Every line below is to be copied exactly, with the pictures left out.

Source material -

#####

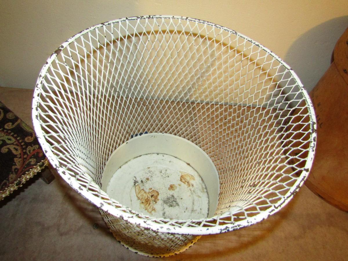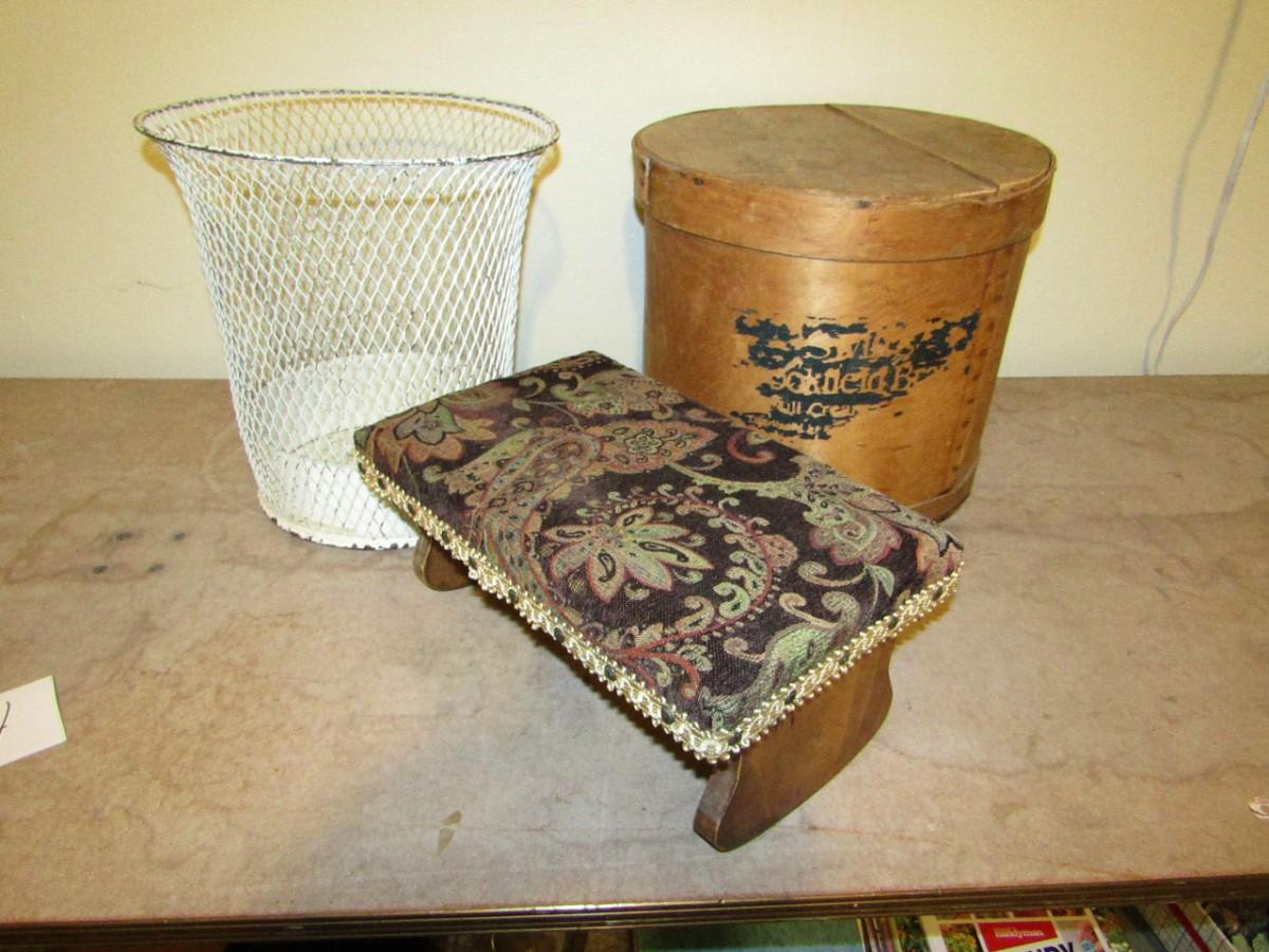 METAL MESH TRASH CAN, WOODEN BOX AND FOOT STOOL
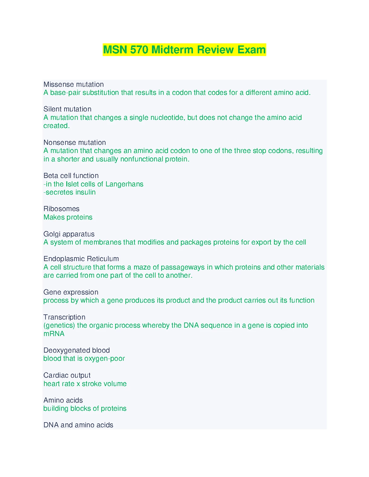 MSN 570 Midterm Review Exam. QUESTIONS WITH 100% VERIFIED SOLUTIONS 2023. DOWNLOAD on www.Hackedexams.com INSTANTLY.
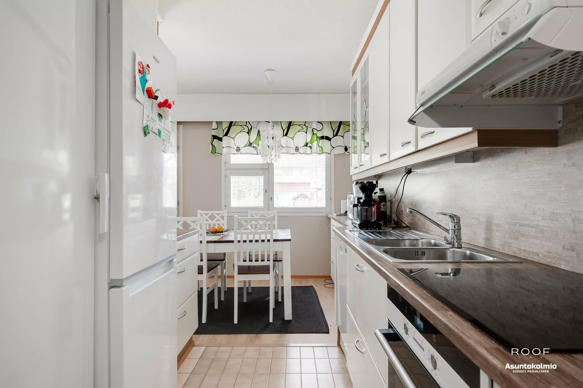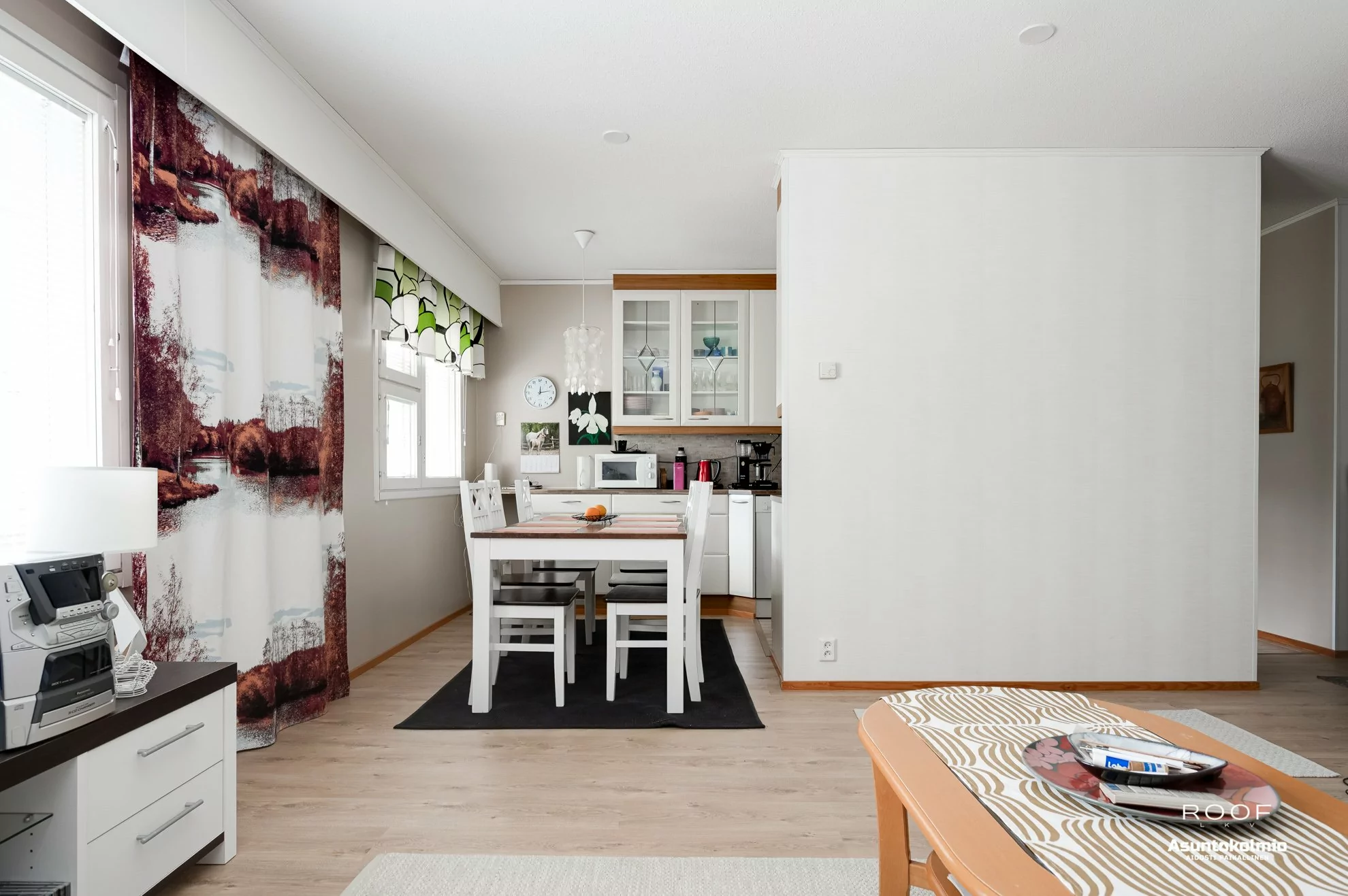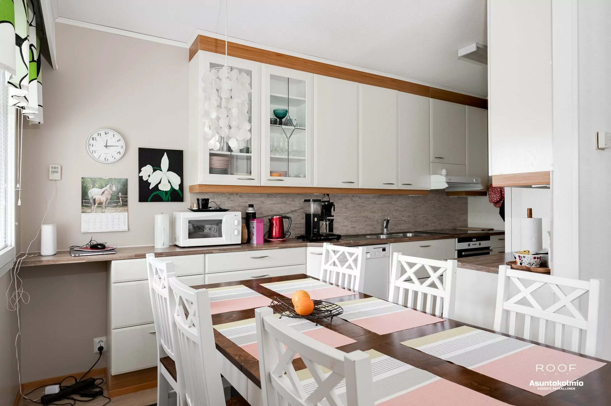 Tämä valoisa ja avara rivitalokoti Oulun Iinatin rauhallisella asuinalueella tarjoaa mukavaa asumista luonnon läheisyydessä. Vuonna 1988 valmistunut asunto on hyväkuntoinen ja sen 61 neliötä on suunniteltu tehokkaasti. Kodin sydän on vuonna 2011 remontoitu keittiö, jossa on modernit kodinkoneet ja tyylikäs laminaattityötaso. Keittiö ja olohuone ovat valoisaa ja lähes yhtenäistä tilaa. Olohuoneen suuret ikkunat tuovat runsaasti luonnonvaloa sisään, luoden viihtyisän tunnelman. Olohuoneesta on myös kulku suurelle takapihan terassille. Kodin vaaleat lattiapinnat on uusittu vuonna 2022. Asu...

#####

Result for this task -
 METAL MESH TRASH CAN, WOODEN BOX AND FOOT STOOL
 MSN 570 Midterm Review Exam. QUESTIONS WITH 100% VERIFIED SOLUTIONS 2023. DOWNLOAD on www.Hackedexams.com INSTANTLY.
 Tämä valoisa ja avara rivitalokoti Oulun Iinatin rauhallisella asuinalueella tarjoaa mukavaa asumista luonnon läheisyydessä. Vuonna 1988 valmistunut asunto on hyväkuntoinen ja sen 61 neliötä on suunniteltu tehokkaasti. Kodin sydän on vuonna 2011 remontoitu keittiö, jossa on modernit kodinkoneet ja tyylikäs laminaattityötaso. Keittiö ja olohuone ovat valoisaa ja lähes yhtenäistä tilaa. Olohuoneen suuret ikkunat tuovat runsaasti luonnonvaloa sisään, luoden viihtyisän tunnelman. Olohuoneesta on myös kulku suurelle takapihan terassille. Kodin vaaleat lattiapinnat on uusittu vuonna 2022. Asu...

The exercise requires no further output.